When enabled, types appear in a dedicated `<types>` section:
```
<types>
Light:
  doc: A smart light device.
  methods:
    - turn_on() -> str
    - turn_off() -> str
</types>
```

## Key Features

- **Code-Based Function Calling**: Leverages LLM's natural coding abilities instead of rigid JSON schemas
- **Secure Runtime Environment**:
  - Inject Python objects, variables, and functions as tools
  - Rule-based security validation prevents dangerous code execution
  - Flexible security rules: ImportRule, FunctionRule, AttributeRule, RegexRule
  - Customizable security policies for different use cases
  - Access execution results and maintain state across interactions
- **Multi-Turn Conversations**: Persistent context and runtime state across multiple interactions
- **Streaming & Async**: Real-time event streaming and full async/await support for optimal performance
- **Execution Control**: Configurable step limits and error handling to prevent infinite loops
- **Unmatched Flexibility**: JSON schemas break with dynamic workflows.
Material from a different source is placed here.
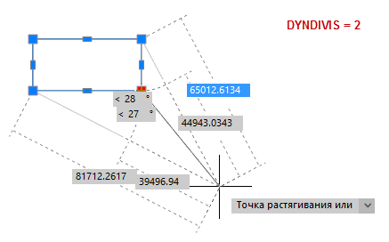 Не все динамические размеры могут быть одновременно видны на экране. Количество одновременно отображаемых размеров в процессе редактирования объекта за ручки, регулируется переменной DYNDIVIS. В зависимости от ее значения, одновременно могут отображаться:

Python code adapts to any situation - conditional logic, loops, and complex data transformations.
- **Flexible LLM Support**: Works with any LLM provider via OpenAI-compatible APIs or LiteLLM
- **Type Injection**: Auto-inject types for `isinstance()` checks; explicit Type injection to expose schemas to the LLM

## Real-World Examples

For more examples, check out the [examples](examples) directory:

- [Basic Usage](examples/basic_usage.py): Simple function calling and object processing
- [Runtime State](examples/runtime_state.py): Managing runtime state across interactions
- [Object Methods](examples/object_methods.py): Using class methods and complex objects
- [Multi-Turn](examples/multi_turn.py): Complex analysis conversations with state persistence
- [Stream](examples/stream.py): Streaming responses and execution events

## LLM Provider Support

CaveAgent supports multiple LLM providers:

### OpenAI-Compatible Models
```python
from cave_agent.models import OpenAIServerModel

model = OpenAIServerModel(
    model_id="gpt-4",
    api_key="your-api-key",
    base_url="https://api.openai.com/v1"  # or your custom endpoint
)
```

### LiteLLM Models (Recommended)
LiteLLM provides unified access to hundreds of LLM providers:

```python
from cave_agent.models import LiteLLMModel

# OpenAI
model = LiteLLMModel(
    model_id="gpt-4",
    api_key="your-api-key"，
    custom_llm_provider='openai'
)

# Anthropic Claude
model = LiteLLMModel(
    model_id="claude-3-sonnet-20240229",
    api_key="your-api-key",
    custom_llm_provider='anthropic' 
)

# Google Gemini
model = LiteLLMModel(
    model_id="gemini/gemini-pro",
    api_key="your-api-key"
)
```


## Contributing

Contributions are welcome! Please feel free to submit a PR.
For more details, see [CONTRIBUTING.md](CONTRIBUTING.md).

## License

MIT License - see [LICENSE](LICENSE) for details.